Your challenge, should you choose to accept it*, is to change the code in your script so that you instead make a histogram for likes (x=) using the social_media_likes data frame (and not the social_media_NA data frame). Also remember to adjust the axis labels (the x= and y= arguments for labs())!

Change the below code in your own script to make the histogram for likes.

*You have to accept it. Determinism beats free will.

## health warning. This is old code that needs to be adapted for current purposes!
social_media_NA %>%
ggplot(aes(x = )) + #ggplot uses aesthetic (aes()) to map axes. 
  geom_histogram(binwidth=10, col="black", fill="seagreen") + #creates a histogram with blue fill, black borders, and a binwidth of 10
  labs(x = "Time on social media", y = "Density") + #short for "labels", use to label the axes.
  theme_classic() #changes the theme of the plot to a classic theme. makes it prettier!

You should get a histogram that looks something like this:

What would you say about this data, now you have looked at the histogram? Does it look normally distributed? Are there any outliers?

Copy and paste the code you used to make the histogram for likes and make the teeny changes required so that you get a histogram for followers instead.

Go on, you are a coder, and you are strong.

Question: Does followers look normally distributed to you? Why might the data be shaped how it is?

Indeed, the followers variable looks different to the likes variable. This is not too surprising. A fewer number of people in the sample have a huge number of followers, and the rest have a more modest number. Just like in real life. Random sampling works! Ahhh, science.

Because the followers variable is not normally distributed, we will need to be a bit cautious when interpreting the results of our t-test later on. But we can still proceed, as the t-test is quite robust to violations of normality. You would just make sure to mention this in your write-up, so that your readers also know.

However, we would reconsider this choice if followers contained a massive outlier, such as if we happened to sample someone with 10 million followers.

4.5 Next step: descriptive statistics

Now that we know what shape our data is in, and when we should exercise caution, we can move on to generating some descriptive statistics of our key variables.

In Section 3.5.1 we learned how to summarise our data to get descriptive statistics.

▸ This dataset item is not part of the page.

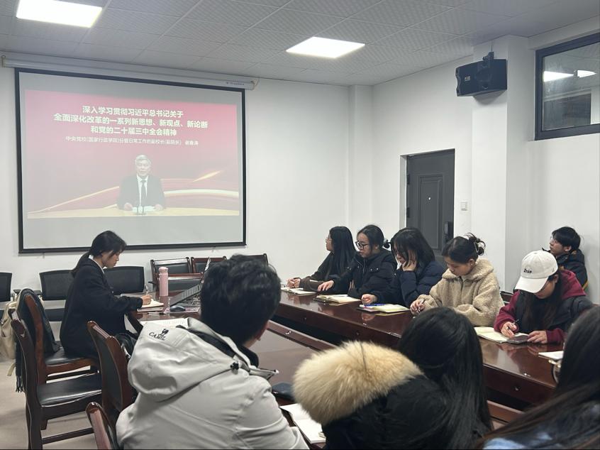 太阳成集团tyc7111cc本科生第一党支部于2024年11月28日在太阳成集团tyc7111cc三楼会议室召开了深入学习贯彻习近平总书记关于全面深化改革的一系列新思想、新观点、新论断和党的二十届三中全会精神主题党日活动,活动由支部书记郭童主持,全体正式党员、预备党员参加此次活动。

Now you’ll get to see some more of the joy of coding - once you have written a bit of code that does something you need, its very easy to adapt it to do something else you need.

4.5.1 Activity - Adapt the code to get the mean and standard deviations for likes and followers

Here is the code we wrote last week to get descriptive statistics of the rate of likes, grouped by mood:

social_media_likes %>% 
  group_by(mood) %>% #group the data by mood
  summarise(mean = mean(likes),
            sd = sd(likes)) #calculate the mean number of likes

We want to use this code as a template for ourselves, so that we can get the mean and standard deviation for likes and followers, this time grouping by urban.

You will find the below code in your script. Complete it to get the descriptive statistics for likes and followers.

social_media_descriptives <- social_media_likes %>% # save to new object called social_media_descriptives
  group_by(???) %>% # group the data by urban
  summarise(
    mean_followers = mean(followers), # calculate the mean number of followers for urban and rural groups separately
    mean_likes = mean(likes), # same for likes
    sd_followers = sd(???), # calculate the sd of followers
    sd_likes = sd(???) # calculate the sd of likes
  )

social_media_descriptives

Check that your output for social_media_descriptives looks like this:

## # A tibble: 2 × 5
##   urban mean_followers mean_likes sd_followers sd_likes
##   <fct>          <dbl>      <dbl>        <dbl>    <dbl>
## 1 urban           144.       40.8         62.0     14.5
## 2 rural           106.       52.1         40.9     12.7

Look at the mean values you have generated for urban and rural dwellers. Are they what you expected? Do they fit with your predictions from earlier?

4.6 Independent samples t-test

Now we are down to the very last few percents of our 10% of analysis efforts. Let’s perform some independent samples t-tests to see if there are statistically significant differences between urban and rural dwellers in terms of their likes or followers.

4.6.1 Activity - Performing independent samples t-tests

In Section 3.7.1 we learned how to conduct a paired samples t-test. To do this, we had to deal with niggly base R demands and use the wideform data instead of our carefully wrangled longform data. Fortunately, the t.test() function is a bit more forgiving when it comes to independent samples t-tests, and we can use our longform data combined with a nifty thing that base R knows about, which is formulas. Huzzah.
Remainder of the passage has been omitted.